The magnitude of this problem has been underscored by the World Health Organization, which categorizes the proliferation of fake news during the COVID-19 pandemic as an “Infodemic” [9]. They explicitly emphasize that an Infodemic can pose as much risk to public health and security as the virus itself.


Given the clarity the World Health Organisation provides on the enormity of this issue, along with the consideration of how easily people with the best intentions can share fake news, the development of a tool that can provide a person with an understanding of what they are reading with regard to its legitimacy and validity is vital. Furthermore, considering how fake news can be used maliciously with the intent to harm public trust and cause unrest, it is important that people have the ability to protect themselves to prevent a continued deterioration of the public’s understanding of the pandemic among other topics.


Significant research has been conducted in this area recently, with machine learning (ML) approaches being the most widely implemented [2]. Incorporating explainability [10] could further allow us to trace the predictions generated by these ML approaches, in particular deep learning (DL) models which are considered as “black box”, and provide a contextual Therefore, explainability in fake news detection could significantly increase user trust [11] and would provide a concrete understanding to the user why an article is fake and could potentially lead to a reduction in the sharing of fake news.

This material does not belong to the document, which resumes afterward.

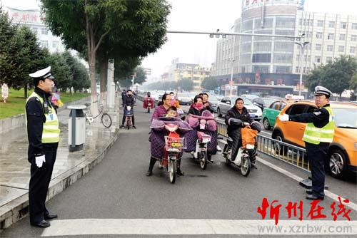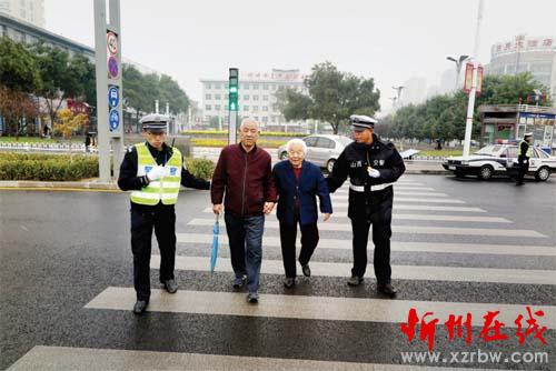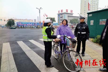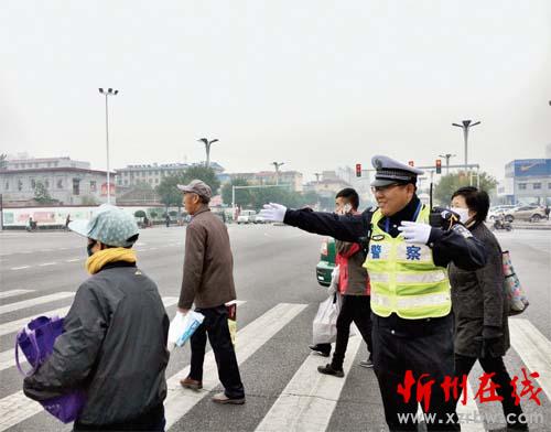 圖四:10 月15 日,交警在七一路與利民街十字路口引導(dǎo)行人過(guò)馬路

Fig. 1: Word clouds generated from COVID-19 news datasets


This paper aims to develop an explainability tool/application that is embedded directly into a Google Chrome extension. In particular, this paper makes the following three major contributions:


• We have conducted an extensive empirical evaluation of state-of-the-art ML algorithms to train a fake news classification model using two different datasets with seven configurations.


• We have identified the most prominent explainability techniques and discussed their suitability for developing a web-based application.


• We have implemented a web application as a Google Chrome extension using the best-performed ML model and the most suitable explainability technique to demonstrate the suitability and usefulness of our approach.